Form 2nd side of one the 16th contact in the 2nd chip, the 16th contact and the 12nd contact conducting, and the 16th contact and the 15th contact are partly or entirely overlapping in the vertical direction of the 2nd chip.

16. the layout method of chip according to claim 15 is characterized in that, more comprises:

Form one the 1st conductive projection between the 1st side of the 2nd side of the 1st chip and the 2nd chip, use making the 2nd contact and the 9th contact conducting.
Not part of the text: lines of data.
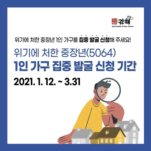 경남 김해시는 지난 12일부터 3월 말까지 위기에 처한 중장년(50~64세) 1인 가구 집중 발굴·신청 기간을 운영한다고 27일 밝혔다.
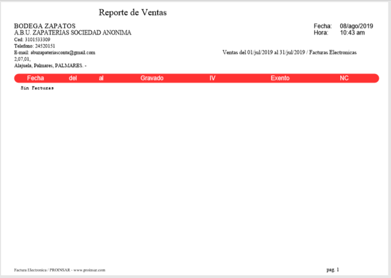 Al dar click a la casilla Exportar PDF este genera un archivo de PDF donde se visualiza el reporte de ventas por mes y por sucursal de todas las facturas electrónicas.
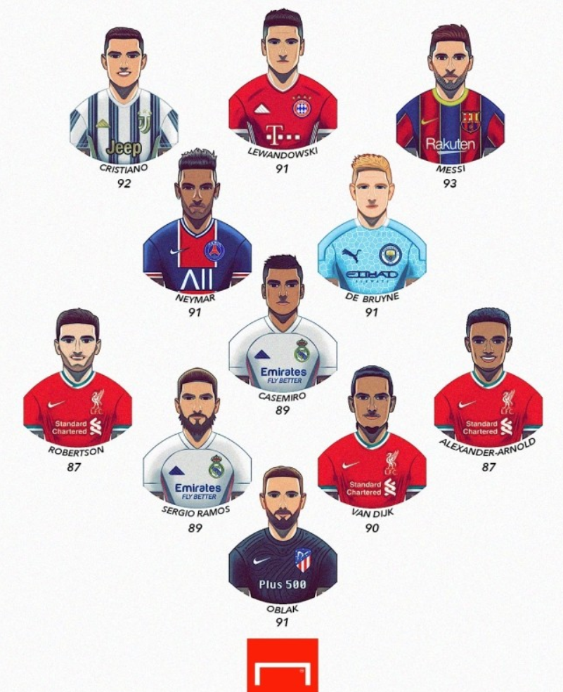 ['피파 21 기준' 현역 축구 선수 능력치 베스트 11]
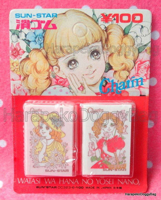 Vintage 1970s : Sun-Star : "Charm" Eraser Set : Yukiko Tani Illustration
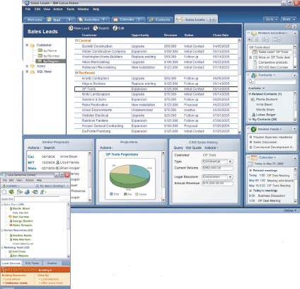 После того как в Notes была реализована технология J2EE, открылась возможность для создания компонентных приложений — таких, где подобно порталам, можно объединять в одну рабочую среду разные приложения. Например, можно совместить на рабочем месте автоматизацию продаж (Sales Force Automation, SFA) и управление отношениями с клиентами (Сustomer Relationship Management, CRM).
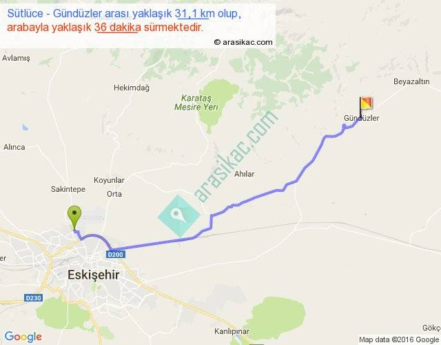 Sütlüce - Gündüzler arası yaklaşık olarak 90 km/h ile yukarıda belirtilen sürede olup, iki yerin kuş uçuşu uzaklığı (mesafesi) 26'dir. Yolculuk otobüsle 46 dakika sürmektedir.
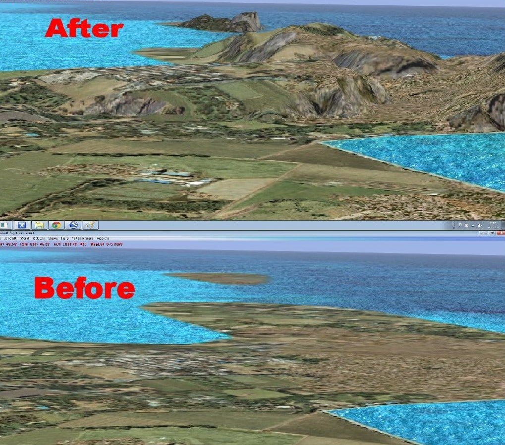 Vorher/Nachher Bilder veranschaulichen deutlich, was sich im FSX ändert, wenn man bessere Meshes/Höhendarstellungen installiert, als sie der Flusi in der Default-Version mitbringt. Dies gilt besonders für Regionen, die im FSX schlicht und einfach vernachlässigt werden. LivingFS hat nun solche Daten für die in der Überschrift genannten Staaten genutzt und steigert damit die Genauigkeit der Auflösung unter Verwendung von ASTER Daten von 306m auf wenigstens 30m. Unlängst sind die Meshes für Sri Lanka im simMarket erschienen, nun gibt es auch die „Berge“ von Thailand und Kambodscha. Vielleicht unternimmt man ja einmal eine Reise ins ferne Asien…
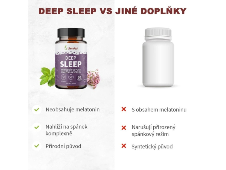 Kapsle Blendea Deep Sleep se směsí bylinek vám pomohou s usínáním a navodí kvalitní a hluboký spánek, po němž se vzbudíte plní energie a síly. | 20-30 dávek
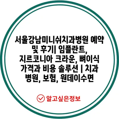 ✅ 서울강남미니쉬치과병원의 임플란트와 뼈이식 정보를 지금 확인해보세요!
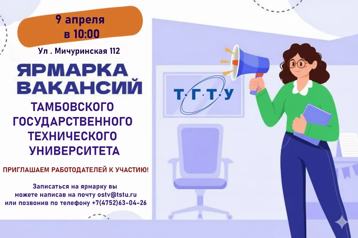 👨💼 Внимание старшекурсникам и выпусникам ТГТУ! Если после Ярмарки вакансий, прошедшей 9 апреля в нашем университете, у вас остались вопросы к работодателям и желание дополнително ознакомиться с вакансиями в регионе, то 17 апреля в Тамбове (ТГУ, корпус на ул.Советская, 6) пройдет региональный этап Всероссийской ярмарки трудоустройства "Работа России". Время возможностей». Ярмарка будет работать с 10 до 13 часов.

17. the layout method of chip according to claim 16 is characterized in that, more comprises:

Form one the 2nd conductive projection between the 1st side of the 2nd side of the 1st chip and the 2nd chip, use making the 4th contact and the 16th contact conducting, the 6th contact and the 13rd contact conducting or the 8th contact and the 15th contact conducting.

18. the layout method of chip according to claim 15 is characterized in that, more comprises:

Form one the 1st conductive projection between the 1st side of the 2nd side of the 1st chip and the 2nd chip, use making the 6th contact and the 13rd contact conducting.

19. the layout method of chip according to claim 18 is characterized in that, more comprises:

Form one the 2nd conductive projection between the 1st side of the 2nd side of the 1st chip and the 2nd chip, use making the 8th contact and the 15th contact conducting.